L’odorat est sensible aux fortes odeurs qui frappent fort. Les différents verbes que nous avons mentionnés indiquent à quel point ces sensations peuvent nous bouleverser.
[1] Les langues ont évidemment diverses formes équivalentes : pooh ! en anglais, pah, puh ! ou igitt ! en allemand, bah !, uf ! en espagnol, etc.
[2] L’article Pouah ! dans le Trésor de la langue française informatisé (TLF) donne des exemples variés, puisés chez des auteurs de divers registres, du 18e au 20e siècle. En français, l’exclamation apparaît d’abord chez Molière (George Dandin, II, 1, [éd. de La Pléiade p. 990] dans la bouche de Lubin mécontent de la résistance de Claudine : « Fi poua la vilaine qui est cruelle. »). En finale, -h a ensuite indiqué l’exclamation.

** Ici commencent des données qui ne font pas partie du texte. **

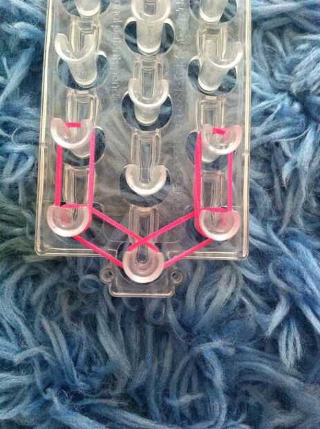 Paso 1: Colocación de las bandas Empezar por takin uno elástico y colocarlo donde mostré.Paso 2: Colocar las bandas a continuación, tomar otro color y ponerlo en la dirección opuesta.Paso 3: Colocar las bandas a medida que continúe ponerlo en debería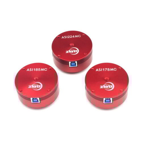 The ZWO ASI224MC is a compact 1.2-megapixel color CMOS astronomy camera featuring Sony's advanced IMX224 Exmor sensor with NIR technology for exceptional low-noise planetary and small deep-sky imaging. With USB 3.0 connectivity supporting up to 150 fps at full resolution, built-in ST4 autoguiding port, and an ultra-lightweight aluminum body, this camera delivers single-shot color imaging without requiring separate filter wheels. Ideal for planetary observers, lunar imagers, and solar photographers seeking high-contrast, high-resolution color astronomical images of solar system objects.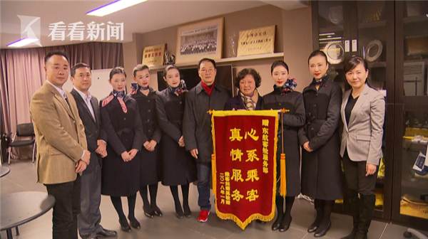刘阿姨(右四)给某航空公司机组成员送来锦旗表达感谢。 本文图片均来自看看新闻网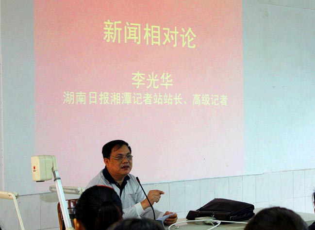 10月14日上午10:00,湖南日报湘潭记者站站长,高级记者李光华先生莅临公司讲学,讲座在法附楼101举行,王洁群副经理,何纯教授及公司部分本科生、研究生聆听了讲座。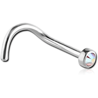 SURGICAL STEEL JEWELED CURVED NOSE STUD WITH GLUED STONE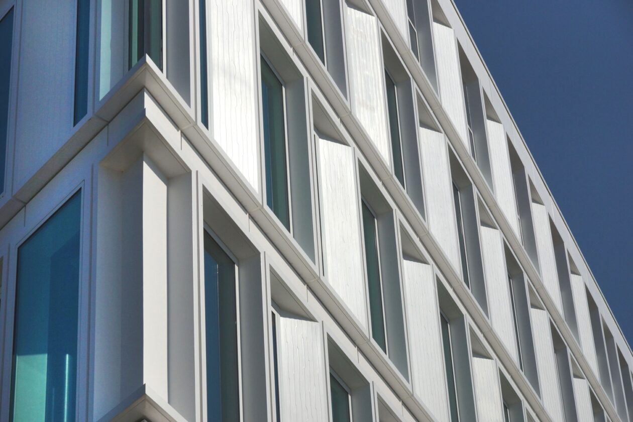Architect Marlies Rohmer ontwierp een paar jaar geleden een spectaculaire (witte) cassettegevel van composiet voor brede school De Matrix in Hardenberg. Al snel bleek dat vooral de liggende delen van de panelen snel en zichtbaar vies worden, zodat de school er tegenwoordig een paar keer per jaar de hogedrukspuit op moet laten zetten en er extra kosten moeten worden gemaakt. Als fabrikant benadrukken ze dat aspect altijd, zegt Stefan Smit van Polux, dat de panelen voor Hardenberg produceerde. ‘Een nanocoating (Proseal) erop scheelt al veel. Dat doen we nu op de panelen van het stadskantoor in Utrecht. Die zijn bovendien nog afgeschuind zodat vuil er niet snel op blijft zitten. Maar het gaat wel om een witte gevel in hartje Utrecht bovenop het station en tussen drukke wegen.’

[3] Le verbe apparut d’abord sous la forme puir ; le changement de conjugaison eut lieu progressivement dès le 16e siècle (sous l’influence analogique de tuer, suer et des autres verbes en -uer). À l’origine, le latin pūteo,-es,-ēre, « être pourri, gâté, corrompu ; puer » (Ernout-Meillet, Dictionnaire étymologique de la langue latine, Histoire des mots [DELL], s. u. puteo. En supposant le bas latin *putire, on explique l’ancien français puir. Le nom latin neutre pūs, -pūris signifie le pus, produit de pourriture. Voir aussi l’article πύθομαι [puthomai] « pourrir, se putréfier » de Chantraine, Dictionnaire étymologique de la langue grecque, Histoire des mots [DELG] : à la base le nom neutre πύον, ou πύος, « pus », avec des correspondants dans diverses langues indo-européennes, tous formés à partir d’une exclamation de dégoût *pu ou pū (équivalent de notre pouah).
[4] Le mot pustule dérive du dérivé latin pus(t)ula.
[5] Citation de Bertrand Blier dans son roman Les Valseuses (son film, qui en est l’adaptation, date de 1974), cf. J. Cellard,-A. Rey, Dictionnaire du français non conventionnel, Paris, 1980, p. 199.
[6] Le mot fouet (attesté depuis le 14e siècle) dont dérive le verbe dérive lui-même de l’ancien français fou « hêtre » (< latin fagus), variante fau. On est donc passé de la baguette hêtre au fouet.
[7] Le Petit Larousse illustré [PLi)de 2022 admet les deux orthographes.
[8] Le verbe gogoter est indiqué par L. Rigaud dans son Dictionnaire de l’argot moderne (Paris, 1881, p. 198) et glosé puer ; il est dit appartenir au « jargon des barrières » (c’est -à-dire aux portes de Paris, au-delà des barrières de l’octroi, là où s’était établi un peuple mal famé). Si ce verbe dont Rigaud donne un exemple (« Qu’est-ce qui gogote comme ça ? ») est réel, il n’y en a pas d’exemple ailleurs, à notre connaissance. Il pourrait dériver des gogues « fosses d’aisance », avec redoublement initial.